START THE DATA
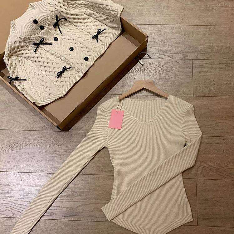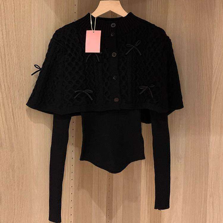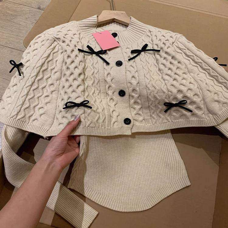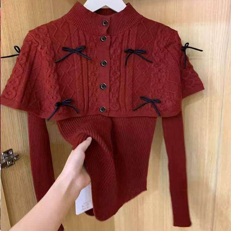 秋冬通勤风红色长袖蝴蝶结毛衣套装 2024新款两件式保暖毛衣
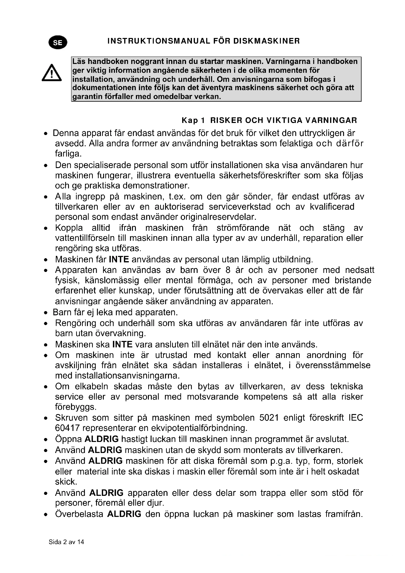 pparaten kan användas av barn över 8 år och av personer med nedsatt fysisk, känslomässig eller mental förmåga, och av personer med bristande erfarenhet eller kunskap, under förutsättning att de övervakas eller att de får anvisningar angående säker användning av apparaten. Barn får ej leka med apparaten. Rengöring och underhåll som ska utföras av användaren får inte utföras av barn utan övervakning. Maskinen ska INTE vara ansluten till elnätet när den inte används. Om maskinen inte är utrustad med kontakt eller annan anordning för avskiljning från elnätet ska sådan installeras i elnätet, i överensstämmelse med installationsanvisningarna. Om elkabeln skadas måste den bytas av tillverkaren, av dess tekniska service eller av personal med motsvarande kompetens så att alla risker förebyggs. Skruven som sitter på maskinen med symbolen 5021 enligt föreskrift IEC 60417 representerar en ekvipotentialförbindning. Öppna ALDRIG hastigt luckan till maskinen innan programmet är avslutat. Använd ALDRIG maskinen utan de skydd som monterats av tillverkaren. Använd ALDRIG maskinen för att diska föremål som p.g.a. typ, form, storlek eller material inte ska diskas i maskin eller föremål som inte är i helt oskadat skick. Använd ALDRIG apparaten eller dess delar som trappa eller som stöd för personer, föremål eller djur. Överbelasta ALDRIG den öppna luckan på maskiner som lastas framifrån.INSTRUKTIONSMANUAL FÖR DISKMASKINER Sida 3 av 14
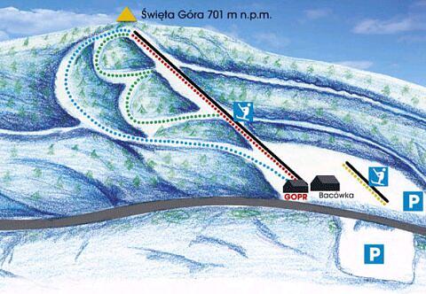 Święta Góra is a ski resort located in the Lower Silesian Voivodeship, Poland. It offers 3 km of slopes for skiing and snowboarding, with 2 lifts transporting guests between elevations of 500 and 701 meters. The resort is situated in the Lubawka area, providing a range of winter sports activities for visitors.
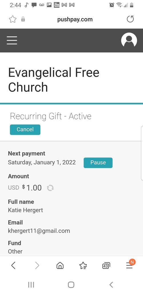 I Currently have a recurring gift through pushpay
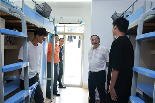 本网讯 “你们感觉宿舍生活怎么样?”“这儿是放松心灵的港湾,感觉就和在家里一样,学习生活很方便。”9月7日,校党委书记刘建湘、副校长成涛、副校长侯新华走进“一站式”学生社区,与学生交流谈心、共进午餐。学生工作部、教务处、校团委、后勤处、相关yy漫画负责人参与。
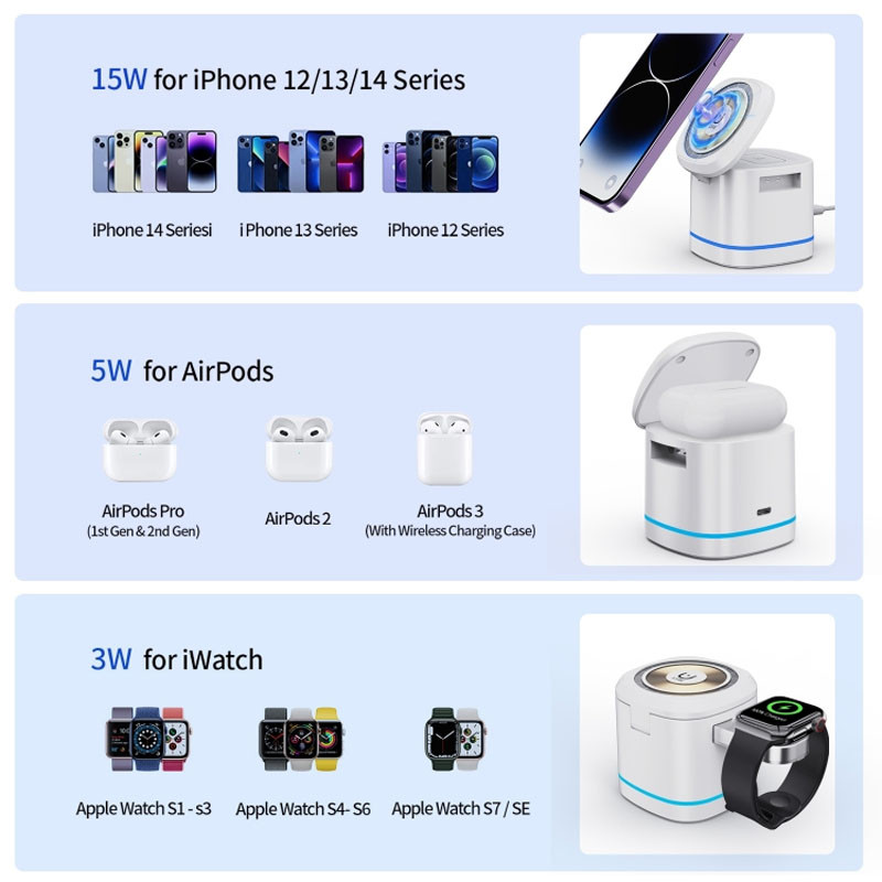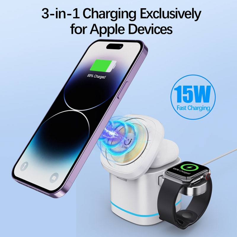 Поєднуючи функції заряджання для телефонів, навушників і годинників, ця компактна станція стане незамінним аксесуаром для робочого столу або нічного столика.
END THE DATA
▶ _ABOUT THIS EXERCISE_
Your copy should match the entries exactly, minus the pictures.

▶ _REPLY_
 秋冬通勤风红色长袖蝴蝶结毛衣套装 2024新款两件式保暖毛衣
 pparaten kan användas av barn över 8 år och av personer med nedsatt fysisk, känslomässig eller mental förmåga, och av personer med bristande erfarenhet eller kunskap, under förutsättning att de övervakas eller att de får anvisningar angående säker användning av apparaten. Barn får ej leka med apparaten. Rengöring och underhåll som ska utföras av användaren får inte utföras av barn utan övervakning. Maskinen ska INTE vara ansluten till elnätet när den inte används. Om maskinen inte är utrustad med kontakt eller annan anordning för avskiljning från elnätet ska sådan installeras i elnätet, i överensstämmelse med installationsanvisningarna. Om elkabeln skadas måste den bytas av tillverkaren, av dess tekniska service eller av personal med motsvarande kompetens så att alla risker förebyggs. Skruven som sitter på maskinen med symbolen 5021 enligt föreskrift IEC 60417 representerar en ekvipotentialförbindning. Öppna ALDRIG hastigt luckan till maskinen innan programmet är avslutat. Använd ALDRIG maskinen utan de skydd som monterats av tillverkaren. Använd ALDRIG maskinen för att diska föremål som p.g.a. typ, form, storlek eller material inte ska diskas i maskin eller föremål som inte är i helt oskadat skick. Använd ALDRIG apparaten eller dess delar som trappa eller som stöd för personer, föremål eller djur. Överbelasta ALDRIG den öppna luckan på maskiner som lastas framifrån.INSTRUKTIONSMANUAL FÖR DISKMASKINER Sida 3 av 14
 Święta Góra is a ski resort located in the Lower Silesian Voivodeship, Poland. It offers 3 km of slopes for skiing and snowboarding, with 2 lifts transporting guests between elevations of 500 and 701 meters. The resort is situated in the Lubawka area, providing a range of winter sports activities for visitors.
 I Currently have a recurring gift through pushpay
 本网讯 “你们感觉宿舍生活怎么样?”“这儿是放松心灵的港湾,感觉就和在家里一样,学习生活很方便。”9月7日,校党委书记刘建湘、副校长成涛、副校长侯新华走进“一站式”学生社区,与学生交流谈心、共进午餐。学生工作部、教务处、校团委、后勤处、相关yy漫画负责人参与。
 Поєднуючи функції заряджання для телефонів, навушників і годинників, ця компактна станція стане незамінним аксесуаром для робочого столу або нічного столика.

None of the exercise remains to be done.